Items listed in a dataset

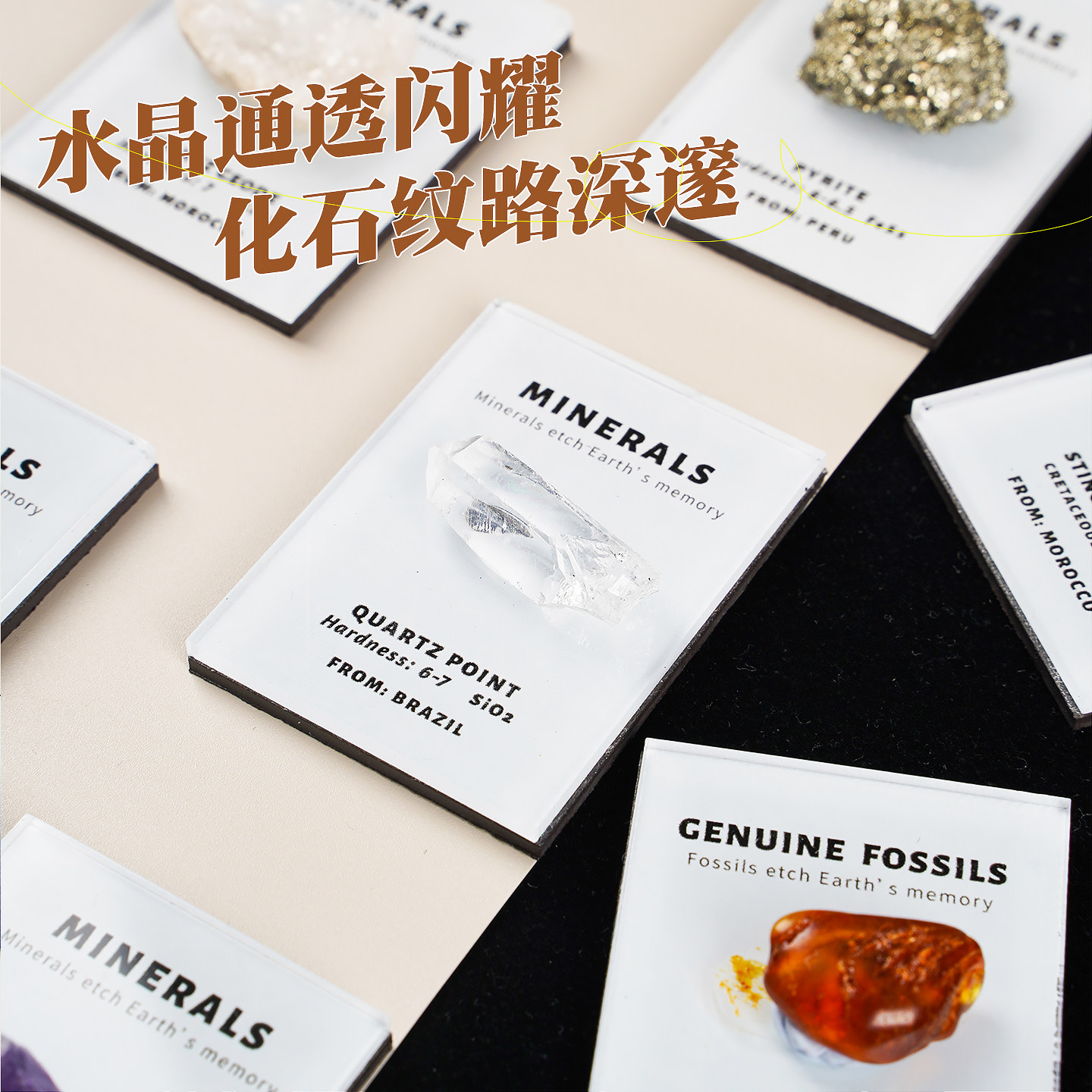 天然化石水晶礼品摆件冰箱贴礼物标本家居饰品矿石装饰琥珀矿物
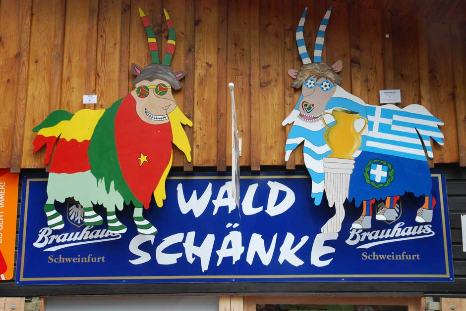 Genau genommen sind es sogar 32 Gründe: Aus Holz gefertigte und in den Länderfarben bemalte Walliser Ziegen, die mehrere 7. und 8. Klassen der Albert-Schweitzer-Volksschule sehr individuell gestalteten. Ab sofort hängen sie im Park, wo auch das Schild eines neuen Hauptsponsors das Hauptgebäude mit der Waldschänke ziert.
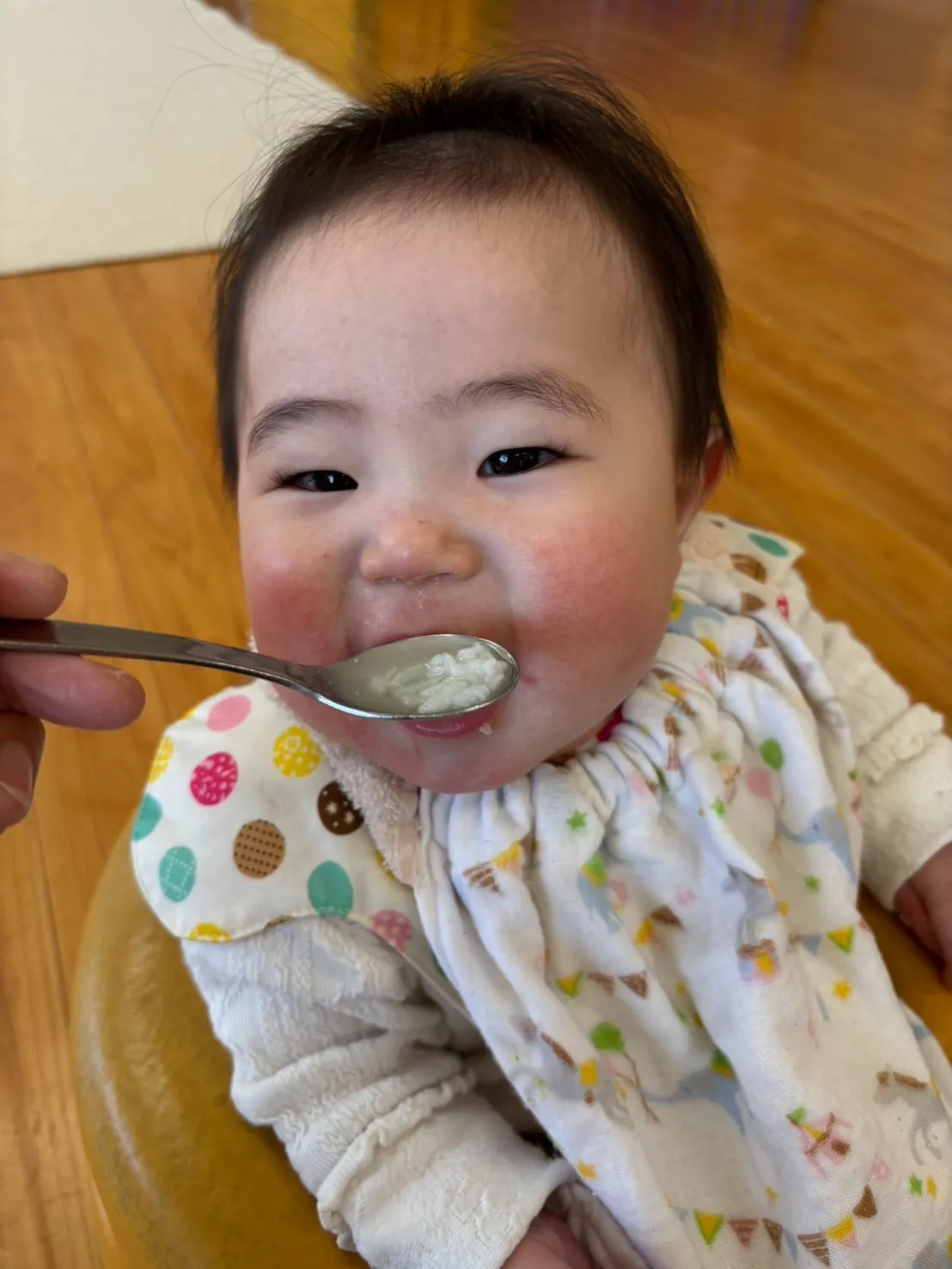 今回はおいしそうに食べてくれている食事の様子をお届けします。ミルクもおやつも離乳食も毎日完食です。
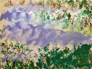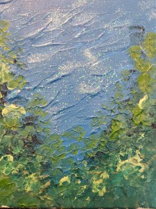 “Summer View” 8″ x 10″ acrylic on canvas w/glow & glitter, 2021
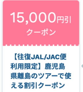 もし屋久島へJTBを利用して旅行するなら、上記でもご案内しましたJAL利用のダイナミックパッケージがおすすめです。2026日2月28日までの期間限定で15000円の高額クーポンが配布されています。
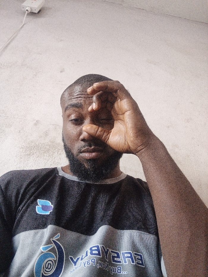 An individual is depicted indoors, likely in Fagge A, Nigeria, against a plain light-colored wall. The subject is a male of African descent, with short dark hair and a full beard. He is wearing a two-tone t-shirt, dark grey on the upper section and light grey on the lower, featuring a blue and dark blue logo on the left chest and the inverted text "EASYBUY Buy Now! Pay Later..." on the lower half. His right hand is raised to his face, with the thumb and index finger forming a circle over his right eye, while the remaining fingers are extended. His left eye is visible, and he maintains a neutral expression. In the upper left background, a white rectangular electrical fixture is mounted on the wall or ceiling, with a white wire extending from it.

- _WHAT TO DO_:
What is needed is a word-for-word copy of the lines from the start of the data to the line with "w/glow & glitter, 2021", inclusive, with no pictures in it.

- _ANSWER TO THE PROBLEM_:
 天然化石水晶礼品摆件冰箱贴礼物标本家居饰品矿石装饰琥珀矿物
 Genau genommen sind es sogar 32 Gründe: Aus Holz gefertigte und in den Länderfarben bemalte Walliser Ziegen, die mehrere 7. und 8. Klassen der Albert-Schweitzer-Volksschule sehr individuell gestalteten. Ab sofort hängen sie im Park, wo auch das Schild eines neuen Hauptsponsors das Hauptgebäude mit der Waldschänke ziert.
 今回はおいしそうに食べてくれている食事の様子をお届けします。ミルクもおやつも離乳食も毎日完食です。
 “Summer View” 8″ x 10″ acrylic on canvas w/glow & glitter, 2021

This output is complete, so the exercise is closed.